The courses differentiated between technical training and awareness-raising. ‘Teaching someone a new logging technique is much easier than changing their attitude,’ says Phan Van Phuoc, Deputy Managing Director of the Ben Hai Forestry Company.
In addition to practical skills, the participants learned about the importance of sustainability in the timber industry. For example, they learned why, in the long term, mixed cropping promises higher yields than monocultures and discovered the advantages of longer harvest cycles. ‘That’s what really impressed me about the project – the fact that our people are now more knowledgeable about environmental protection and think for themselves,’ says Phan.
With support from ForestFinance and sequa, the Ben Hai Forestry Company thus had laid the foundations for a successful future. But the project had another key aim: to strengthen sustainable forest management practices by other actors outside Ben Hai’s ambit.
Based on the experience gained in manager and worker training, the partners therefore devised a detailed set of guidelines for sustainable forest management that was translated into both Vietnamese and English. Establishing contact with the local Department of Agriculture and Rural Development (DARD) proved successful: on 26 September 2013, the Quang Tri Provincial People’s Committee (PPC) officially adopted the guidelines as the basis for future practice-based basic and further training across the province.

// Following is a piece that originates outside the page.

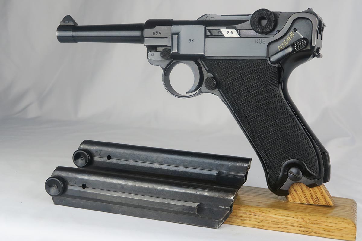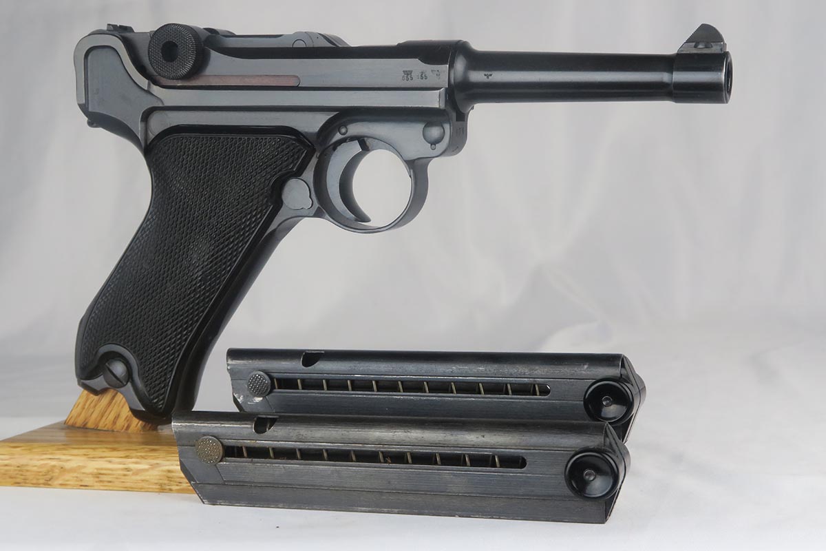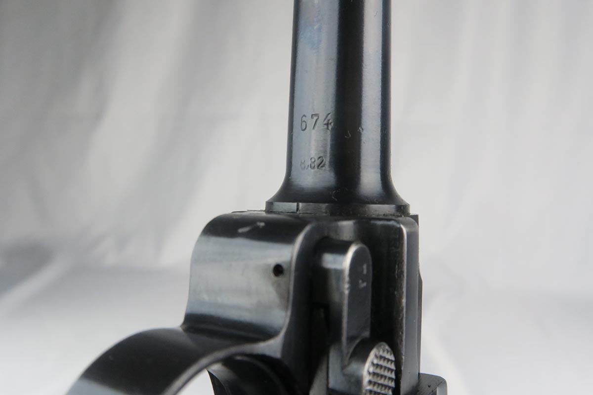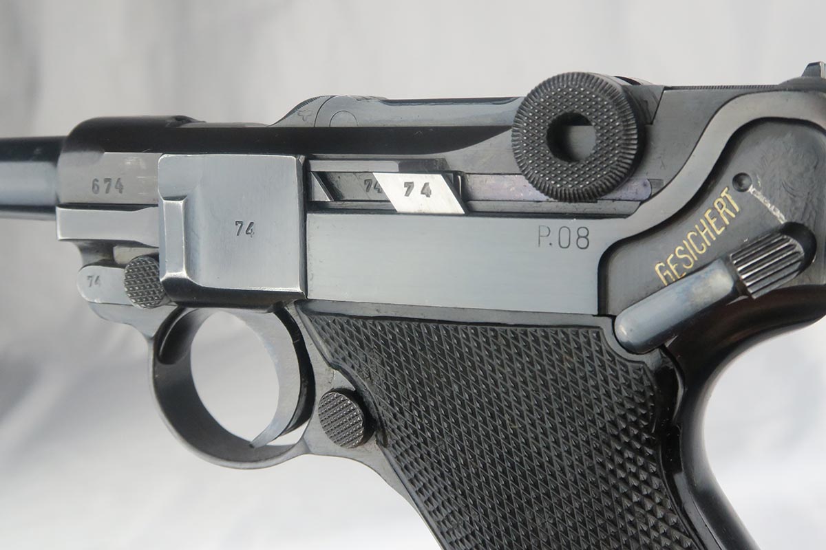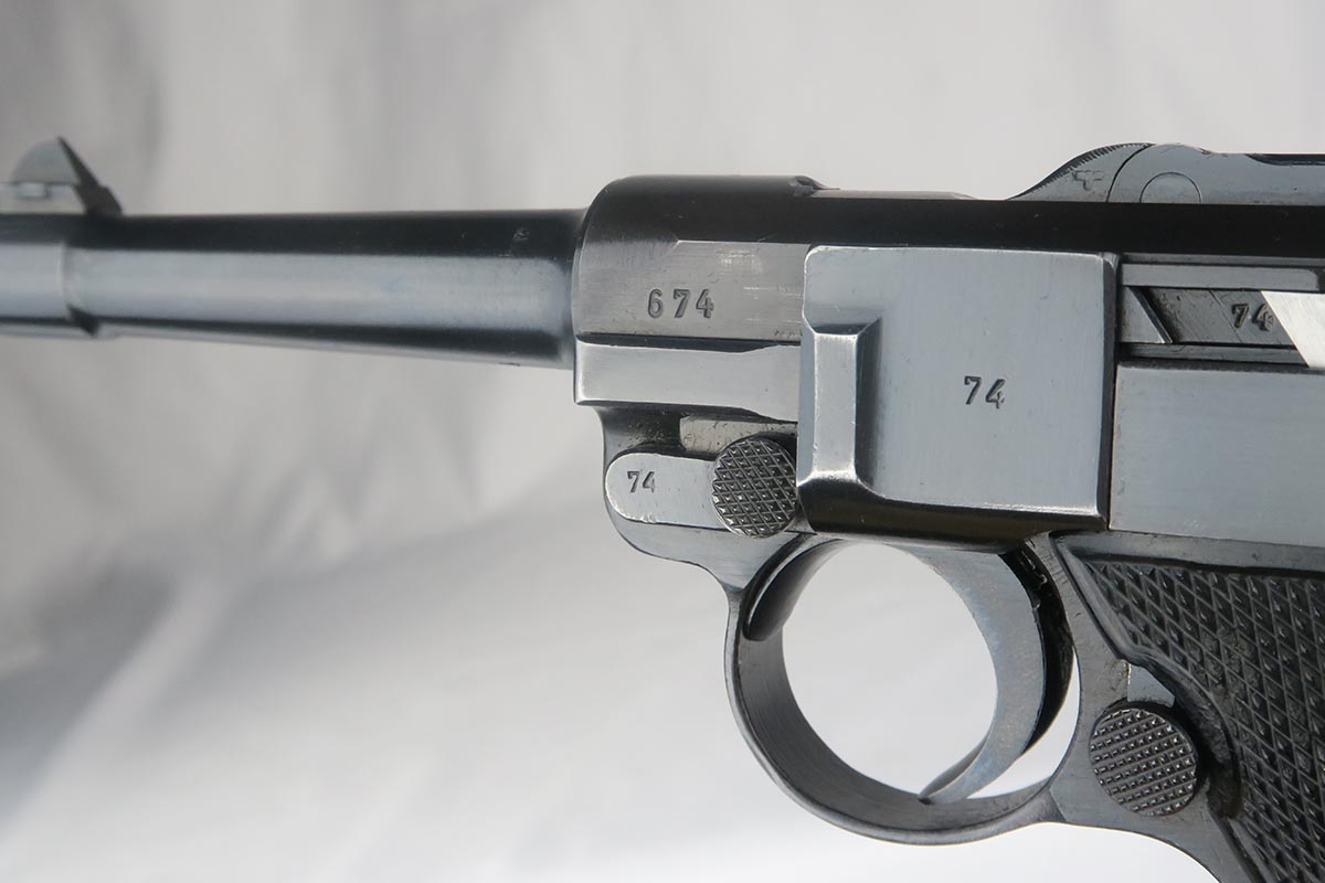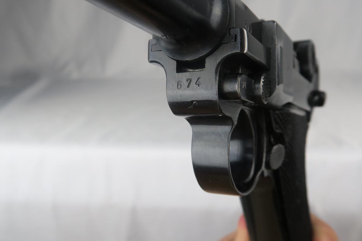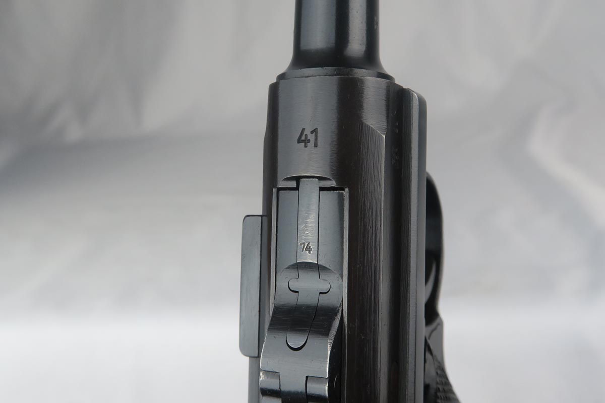 10/23/17 – This is probably the nicest Black Widow Mauser luger we have ever offered for sale.  It is a genuine 99% gun, with only minor rub wear on the muzzle and sideplate.  The pistol is all correct and matching, with Black Widow-style grips and magazine.  The pistol comes as part of a full rig, with a spare magazine, tool and holster.  The spare magazine is correct but there is a minor chip in the plastic bottom.  The tool is faintly Eagle/655 proofed, same as the gun.  The holster is 1942 dated and waffen proofed, but the front flap does show a minor puncture.  Pistol bore is minty.

As part of an awareness-raising campaign, ForestFinance attended a number of workshops and media events in the region and recommended the guidelines to representatives of neighbouring provinces. By all criteria, the project was a success.
But then a devastating storm hit the region, destroying half of Ben Hai’s stock of trees and dealing a major blow to all concerned. However, instead of giving up, everyone rallied round quickly and professionally. The damage was used as an opportunity for training in hands-on crisis management, not least because of the similarities between clean-up work after a storm and regular thinning measures. As a result, everyone is now prepared for the worst-case scenario.
‘We hadn’t planned for this, of course,’ says Olaf van Meegen, Project Manager with ForestFinance, ‘so sequa helped us by agreeing to extend the project term, enabling us to complete the clean-up work without time pressure. And clearly, we would not have been able to afford it without financial support from develoPPP.de.’
As far as van Meegen is concerned, it’s been win-win for the Bonn-based company: ‘Our forests are now better managed than before, which is also in our investors' interest. True to the motto “Do good and talk about it”, we’ve publicised the fact that we are implementing a develoPPP.de project in Viet Nam. And our clients are all for it.’
Timber produced by the Ben Hai Forestry Company is now FSC-certified, and there are genuinely visible changes. ‘You can really see that the forests are better structured now,’ says Gutzmann: ‘There are trees of all ages and there’s deadwood, too. That’s much better than in most forests in Viet Nam. But we will continue to work on improving the situation throughout the country in future.’
With Ben Hai as a successful role model for other forestry companies and CORENARM continuing to provide training after the end of the project, as well as support from the provincial authorities, ForestFinance and sequa have created excellent enabling conditions.